Leadership and voice: Two New Orleans schools illustrate the promise and perils of charter schools
By Eric Schulzke
Deseret News
December 4th, 2014
This story is part of the Deseret News National Edition, which focuses on the issues that resonate with American families.
Lauren LeDuff was a junior at Warren Easton High School in New Orleans when Hurricane Katrina flooded the city in August of 2005. Fleeing with her family, she finished the school year as a refugee in Houston, returning to Warren Easton for her senior year.
She returned to a transformed school.
The entire first floor of the 100-year-old massive three-story brick building had been gutted by water and mud. Half the building was still unusable when school began in the fall of 2006. Sawing and hammering echoed from downstairs and lunches were brown bag or delivered pizza.

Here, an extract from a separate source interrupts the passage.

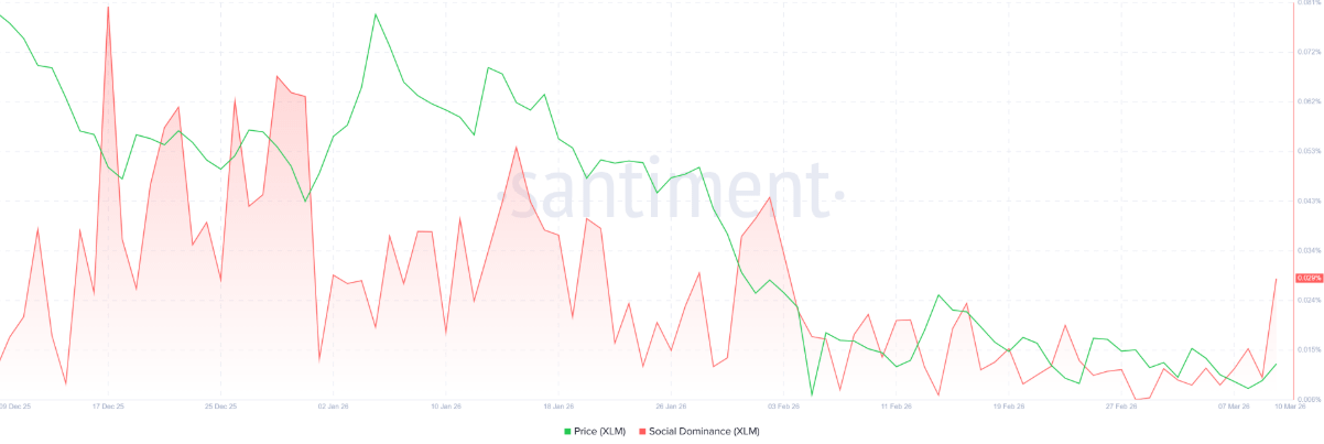 Dữ liệu on-chain của Stellar đang phát đi những tín hiệu tích cực ban đầu. Theo nền tảng phân tích Santiment, chỉ số Social Dominance – thước đo tỷ lệ thảo luận liên quan đến XLM trên các kênh truyền thông tiền điện tử – đã tăng đều kể từ cuối tháng 2, đạt 0,029% vào thứ Ba, mức cao nhất kể từ ngày 4/2. Đà gia tăng này cho thấy mức độ chú ý của thị trường đối với XLM đang dần cải thiện, đồng thời phản ánh tâm lý nhà đầu tư có dấu hiệu lạc quan hơn.
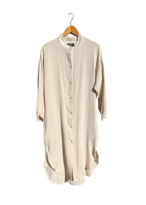 Ein sanft gerundeter Saum mit dezenten Seitenschlitzen sorgt für Bewegungsfreiheit und eine fliessende Silhouette. Natürliche Holzknöpfe und praktische Seitentaschen unterstreichen den funktionalen Charakter. Mit dem beiliegenden Stoffgürtel kannst du das Musselin Hemdblusenkleid individuell tragen. Locker für entspannte Momente oder tailliert für eine feminine Silhouette.

But that was not all: The school’s name and mission had changed. Now it was Warren Easton Charter High School. It had a new principal, Alexina Medley, who was making sweeping changes. Uniforms, strict rules and an innovative program to get its students career- or college-ready followed.
The changes at Warren Easton so inspired LeDuff that she vowed to become a teacher and return to her alma mater.
“I told Ms. Medley before I left she’d need to fire somebody to make room for me,” said LeDuff, who now teaches English and communications at Warren Easton.
She was kidding, of course. No one was fired for her.
But in theory, it was possible. Like most charter schools, the new Warren Easton has no teacher unions and answers to no school district. Instead, it has its own charter with the state and its own school board that grants the principal sweeping authority to shape budgets, curriculum and mission, and to hire and fire staff.
It seems to be working at Warren Easton. With a charismatic and collaborative leader, morale of staff and teachers appears to be high, and the high-poverty student body is performing well on graduation and standardized test measures.
Not every charter school manages its autonomy so well, however. Critics point to less successful examples, including Ben Franklin Charter High School across town in New Orleans. There, they say, staff decisions were arbitrary, pay scales murky and morale poor and teacher turnover is high. Alleged mismanagement at Ben Franklin recently led its teachers to unionize.
These two schools represent each side of a double-edged sword: The charter school reality that the freedom to innovate also contains the power to mismanage or destroy. What makes charters exciting is dynamic possibility for leadership to change staff, refocus and create a new mission, but that dynamism comes with risk.
Charter schools are now a permanent and growing part of the American educational map. From school years 1999 to 2011, the percentage of public schools that were charters rose from 1.7 to 5.8 percent.
In urban schools serving underprivileged students, charters are disproportionately common. All of New Orleans’ public schools are now charters, while over half of Detroit students and roughly 45 percent of those in Washington, D.C., attend charters. These cities are leaders but not outliers: Many major urban areas are now upward of 20 percent charter.
As the charter trend expands, there is friction over how the schools are governed. Ben Franklin remains a rarity in its recent unionization. In 2012 just 7 percent of charter schools were unionized, down from 12 percent in 2009, according to the Center for Education Reform.
Critics argue that without strong teacher input, reflected in unions or some other institutional security, teachers and the schools will be at the mercy of bad leaders. Others argue that reverting to the fetters of traditional schools would squelch innovation, that real change requires strong leaders who take risks and that teacher voice can be respected without sacrificing bold leadership.